Los jugadores de loterías son otro ejemplo, si bien en este caso se trata de aspirantes a rentistas: buscan ansiadamente su premio con el fin declarado de rascarse la barriga hasta el fin de sus días. Algunos incluso lo consiguen.
Muchos de los buscadores incansables de una existencia con «calidad de vida», lo cual incluye a muy variadas especies de rentismo, no siéndolo algunos que lo parecen, y a su vez siéndolo muchos que no lo parecen.
Los indianos constituyen otra clase de rentista, que se ha ido transformando con el paso de los años: hoy en día no llegan normalmente de Cuba o de Venezuela, sus orígenes no son tan exóticos, pero a fin de cuentas se trata de lo mismo: gente que, después de un periodo de trabajo, más o menos largo, más o menos duro, decide desconectarse por completo, pasar a la reserva, a la sombra voluntaria: «¡A partir de ahora, a vivir de mis rentas!»
La dueña de una floristería muy bien situada que lleva años viviendo en gran medida gracias a la estupenda ubicación de su negocio, pero que trata al cliente, especialmente al nuevo, con dejadez, desidia y hasta desdén, es otro ejemplo clásico de rentista.
También lo es el sujeto pasivo receptor de cualquier ayuda, PER o subvención que vive cómodamente e incluso hace chapucillas aquí y allá, según dice, «para compensar por lo poco que le dan y poder ir tirando».
Rentistas son también, por supuesto, los ejemplos clásicos: el señorito dueño de cortijos y olivares que sigue actuando como tal, la actriz o cantante que repite hasta la saciedad lo que un día la hizo famosa, el catedrático de universidad pública que tuvo alguna reseñaen una revista científica en los años setenta, el marido que olvida el cumpleaños de su mujer, etcétera.
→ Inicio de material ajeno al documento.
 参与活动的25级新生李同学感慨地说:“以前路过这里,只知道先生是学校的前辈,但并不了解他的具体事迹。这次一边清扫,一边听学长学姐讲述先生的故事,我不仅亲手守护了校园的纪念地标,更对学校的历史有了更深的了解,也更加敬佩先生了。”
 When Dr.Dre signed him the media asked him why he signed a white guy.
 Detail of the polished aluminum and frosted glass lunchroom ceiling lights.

El rentismo es una forma de instalación en el mundo característica de estas latitudes, me da la impresión de que el espíritu que lo inflama tiene mucha menos fuerza en los países norteños. El rentismo se opone al «espíritu Edison», esto es, al ser humano que trabaja con vocación y optimismo, que busca con dedicación esos momentos sublimes a que todos tenemos derecho como seres humanos, que materializa el don de la creación que nos ha sido dado como homo sapiens. El rentista, al ver estas obras salidas del cacumen y del trabajo de un congénere, quizá solo vea billetes y fincas de retiro. Grave error. Para Edison el dinero no es un fin, es un medio. Su auténtico fin era su obra. Yo le aplaudo, aunque no creo que me oiga. Por aquí hay pocos.
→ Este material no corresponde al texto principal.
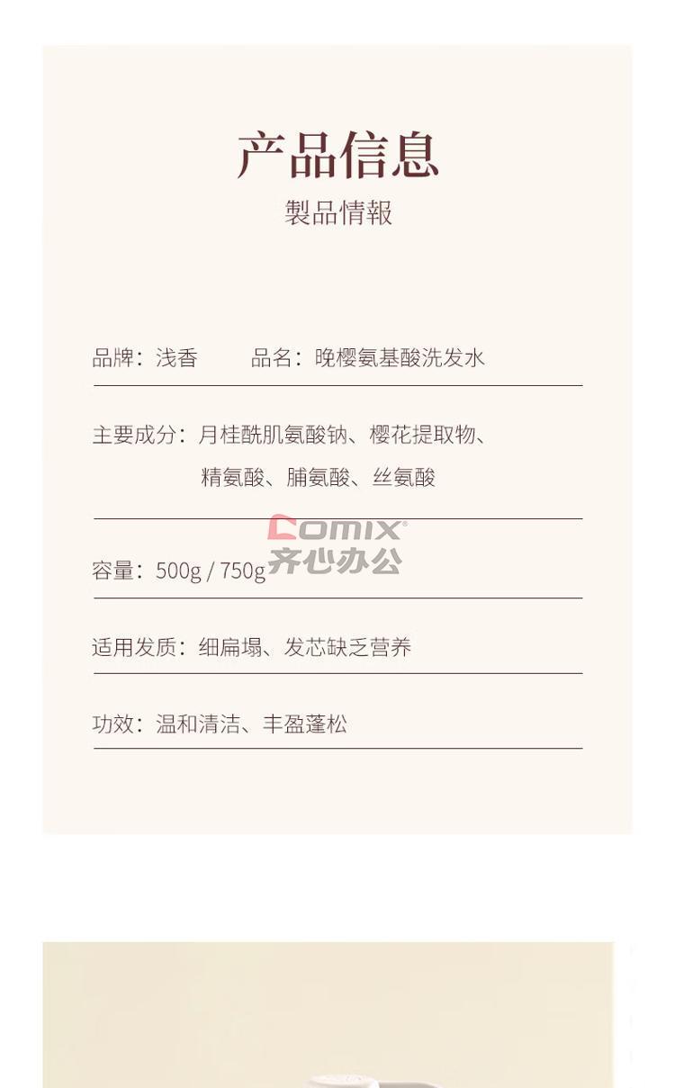 商品名称:浅香日本晚樱氨基酸洗发水750g 单位:瓶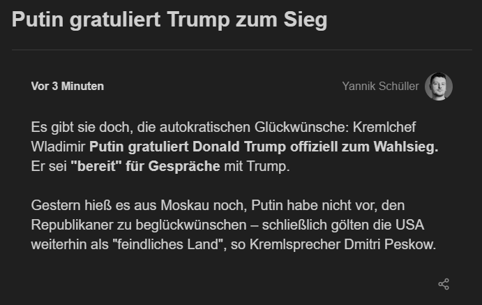. Er ruft keine Parolen auf im Gegensatz zu den Usern hier. Der Ukraine Krieg ist ein interner Konflikt und wäre schon längst beendet und die Ukraine würde auch weiter bestehen, wenn sich unsere NATO da nicht einmischen würde. Das weiß auch jeder. Aber lieber irgendwelche Hirngespinste verfolgen.Andrea6 schrieb:Wenn er den Geldhahn und Waffenlieferungen abreht, dann würde es schnell gehen.
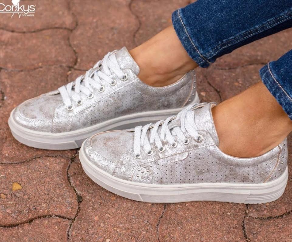 Corky's Hey Girl Down Time Silver Metallic Shoe is the perfect way to add a touch of glamour to your everyday look. The silver metallic color is eye-catching and modern, while the rubber sole provides comfort and support. The cushioned sole ensures that you'ss be able to walk or stand for hours without feeling any discomfort, and the slip-on design with laces makes it easy to get on and off. Whether you're dressing up for a special occasion or just wanting to add a little sparkle to your everyday outfit, Corky's Hey Girl Down Time Silver Metallic Shoe is the perfect choice.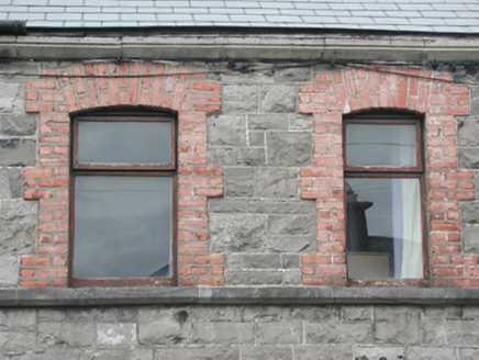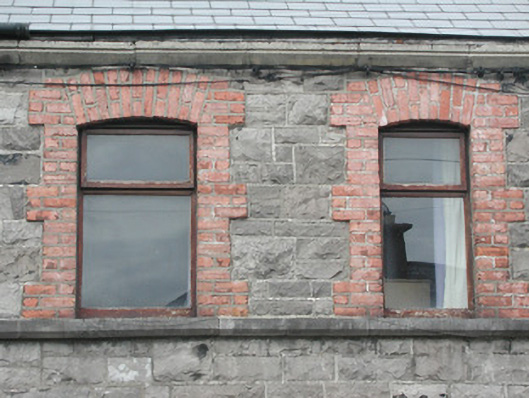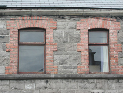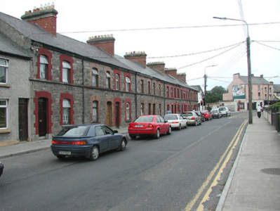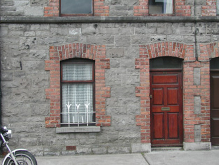 Terraced two-bay two-storey stone house, built 1886-7. One of a group of eleven. Pitched artificial slate roof, artificial ridge tiles, red brick chimneystack with corbelled stone cap, gutters missing, chamfered stone eaves corbel course, rectangular cast-iron downpipe. Squared and coursed rubble limestone walling, continuous first floor sill course. Segmental-headed window openings, brickwork dressings, painted stone sills, wrought-iron sill guard to ground floor, hardwood casement windows c. 1990. Segmental-headed door opening, brickwork dressings, hardwood five-panel door c. 1990, plain-glazed overlight. Street fronted.

(Nota, para quien pueda interesar: muchos aspirantes a rentistas, como buscadores insaciables de Eldorado que son, dedican grandes esfuerzos y trabajos por ascender su Orinoco particular. Algunos llegan a trabajar duro para conseguirlo. Persiguen su espectro y hasta pueden enfermar en el empeño. ¿No sería mejor que se dedicaran a una tarea menos quimérica, más real, más humana en suma?)